# Differences between JKD and Wing Chun



## coffeerox (Jul 23, 2010)

Some that I can think of, based on my observation and criticism from students are: 

boxing as a striking system (but modified to WC concepts)
60/40 weight distribution which is same, but they're not rooted. moreover, they do not believe nor know why we are rooted.
technique over concepts
body structure is less emphasized

Let me go over the ones I mentioned.  First of all, boxing, one thing I noticed was that they were able to stand toe to toe with the boxer (boxer's not all that good though). Boxing as implemented in their system gave them a good and easy to pick up offensive.

On the rooted concept, I was criticized on it yesterday when I was practicing inch punches.  JKD guy's mind was blown about why we are rooted and the concept of dispersing a person's energy to the ground was scary to him.  He really doesn't like getting hit so it could have been just him and not the system.
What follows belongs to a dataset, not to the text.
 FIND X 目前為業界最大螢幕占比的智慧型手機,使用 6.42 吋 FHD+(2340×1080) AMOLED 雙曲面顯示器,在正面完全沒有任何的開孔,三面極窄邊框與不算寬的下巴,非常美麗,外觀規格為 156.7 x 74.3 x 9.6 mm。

About the body structure.  I can see why it's less emphasized for them because even though they practice economy of motion, they are still more 'jumpy' than WC.  My impression is that it's because of their striking system, it gives up more energy to be more mobile to deliver their strikes.  The JKD guys have gassed out often, the boxer praises himself over his conditioning however no one has realized I haven't gassed out and I know what it feels like to gas out after doing P90x lol

Just a disclaimer, these guys aren't high level or anything, I think they're level 2 from what I can remember but they've been studying for about a year and a half.


----------



## geezer (Jul 23, 2010)

coffeerox said:


> ...Just a disclaimer, these guys aren't high level or anything, I think they're level 2 from what I can remember but *they've been studying for about a year and a half*.



_Coffeerox_, sorry, but when we met, I wasn't aware you'd already formally trained! It's good that you could use efficiency and relaxed movements to outlast these guys. If these guys have about a year and a half of JKD, how long do you have in WC (beyond "self-training" with books, dvds and online)?


----------



## coffeerox (Jul 23, 2010)

geezer said:


> _Coffeerox_, sorry, but when we met, I wasn't aware you'd already formally trained!
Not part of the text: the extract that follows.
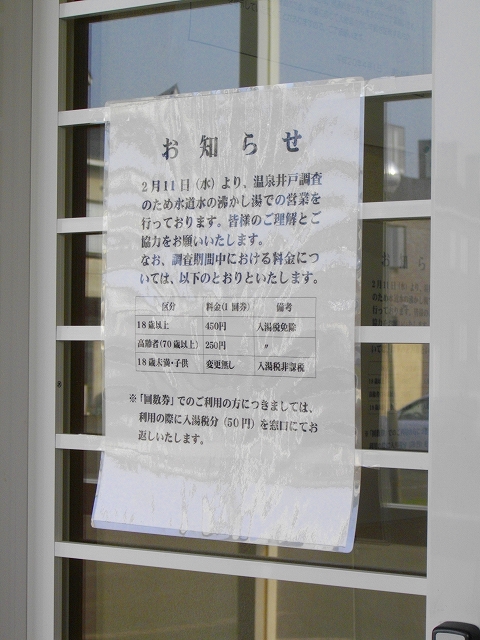 「2月11日より、温泉井戸調査のため水道水の沸かし湯での営業を行っております」

I still haven't been formally trained.  I think that was a misunderstanding with what I said. My training partners have been formally trained.



> It's good that you could use efficiency and relaxed movements to outlast these guys. If these guys have about a year and a half of JKD, how long do you have in WC (beyond "self-training" with books, dvds and online)?


If we count your class that I went to, then 1 day  I hope I can clear things out soon so I can go back.  I tried Poon Sau with my friend and  he didn't know the 'forward intent' part.  Is that introduced later, when students are more advanced in Chi Sau, or is it introduced as soon as we do Chi Sau?


----------



## MA-Caver (Jul 23, 2010)

To me (okay... to me) the differences are that Wing Chun is one of the oldest chinese martial arts still in practice/existence today. It is a formal martial art. 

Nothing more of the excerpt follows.